The general idea of an error handling framework is sound, extremely appealing, and I found it well explained in the documentation. I like the concept very much and agree with many of the design decisions taken throughout. Specifically, constraining the error type to be the fixed std::error_code (or equivalent) and providing a wide accessor interface. [snip] I don't consider expected
a particularly needed part of the library; the focus should be on result<T> and outcome<T>, the two classes that represent the error handling philosophy on which the library is built.
FYI about half my potential user base want to set type E to their own type, and see setting E to error_code as highly retrograde because it loses type safety enforcement of disparate error code domains. It's why I implemented Expected. It doubles my potential user base easily.
I do not agree with the direction things have taken of providing a multitude of result classes instead of a single one. Components that are intended to be used in interfaces should provide one, carefully designed option, which encourages what the designer deems best practices.

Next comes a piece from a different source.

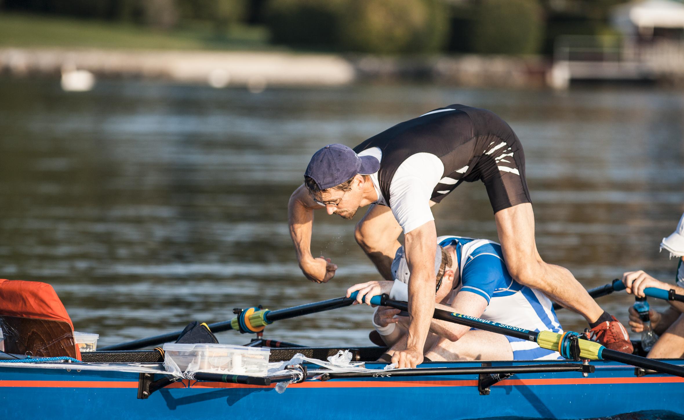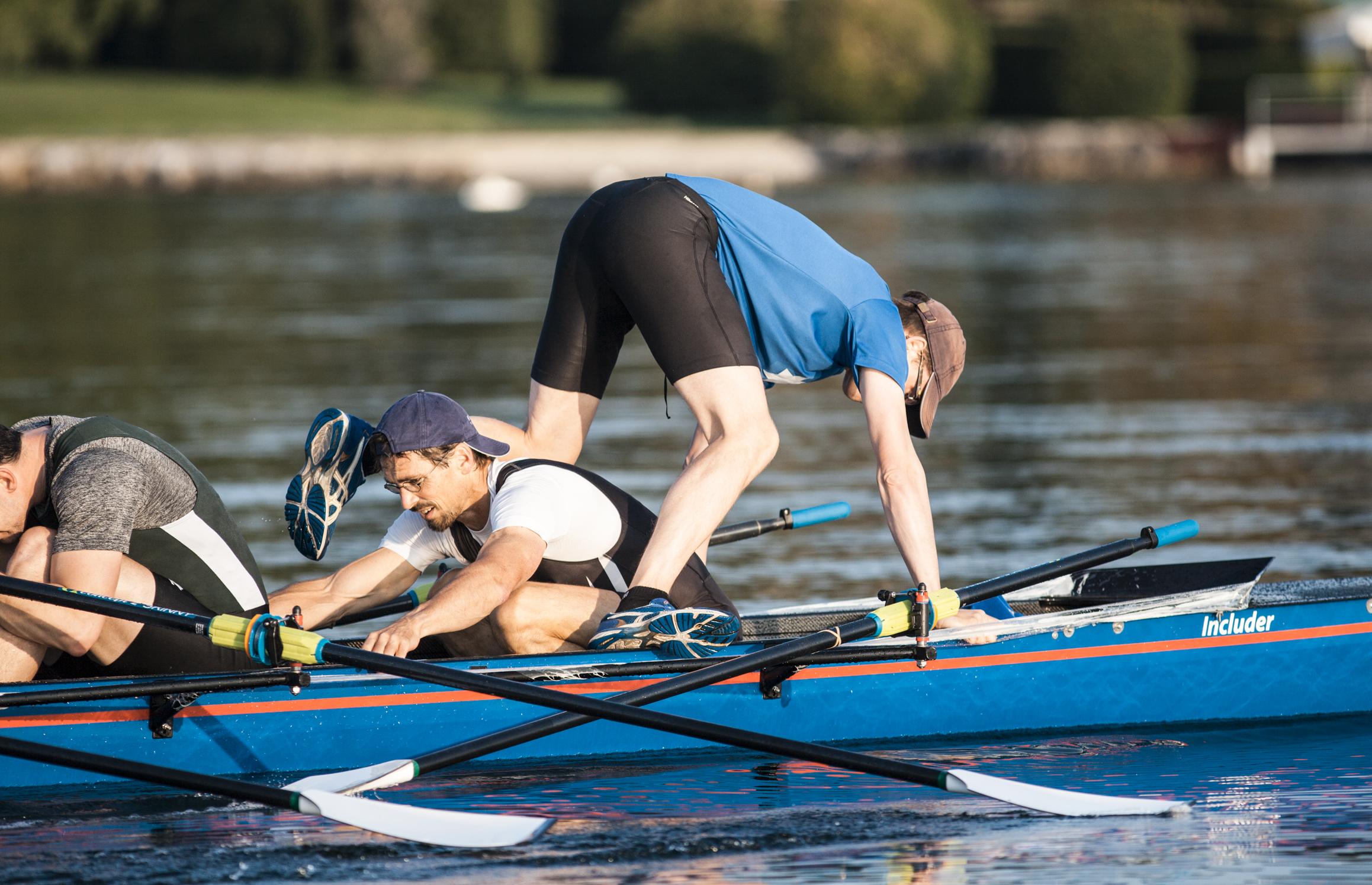 Für die Nicht-Langstreckler – so wird gewechselt: Ruderer geht aus Stemmbrett und duckt sich im Fußraum ab während der (Ex-)Steuermann durchs Boot und über den wechselwilligen Ruderer hinweg steigt.

As we have discussed, I prefer a competitive environment of alternatives. But if Vicente and I can come to agreement on naming of wide vs narrow observers, then we will only have: - result<T> and outcome<T> - without empty state - optional_result<T> and optional_outcome<T> - with empty state
The idea here, assuming that we shoot for standard acceptance at some point, is to provide std::result<T> and have APIs return it, not provide a bag of options and let everyone pick its own thing. (They already do that today and we're not better for it.)
I would recommend against standardising result<T> and outcome<T> in the strongest terms. Expected is the right design for the STL, not Outcome. I hope for SG14 to include Outcome in their standards quality collection of recommended libraries for low latency users, but in the non-standards-track category.
I would separate things a bit further here, attaching the additional information not to a separate error_code_extended class, but to result<> itself. That is, result<>::error() would return std::error_code, and I'd provide a separate accessor, result<>::error_info(), say, that would return the ring buffer entry associated with this result<>. This for me provides a cleaner separation between the basic result<> functionality, and the extended one, although this is a matter of taste.
I would also support chaining result<>s by storing the index of the parent ring buffer entry in the current ring buffer entry. This is a straightforward and very useful extension.
It is an interesting idea, but as I said at the time not as useful as you might think given the ephemeral nature of the storage. I am still surprised that nobody has yet objected strongly to storage which can vanish randomly during usage.
Instead of providing a macro BOOST_OUTCOME_CATCH_EXCEPTION_TO_RESULT, I would provide
result<T>::set_error_from_exception(std::exception const& e);
and
outcome<T>::set_error_from_exception(std::exception const& e, std::exception_ptr const & p);
that would do more or less what the macro does, except the fallback in the second case would be to store p instead of (EINVAL, e.what()).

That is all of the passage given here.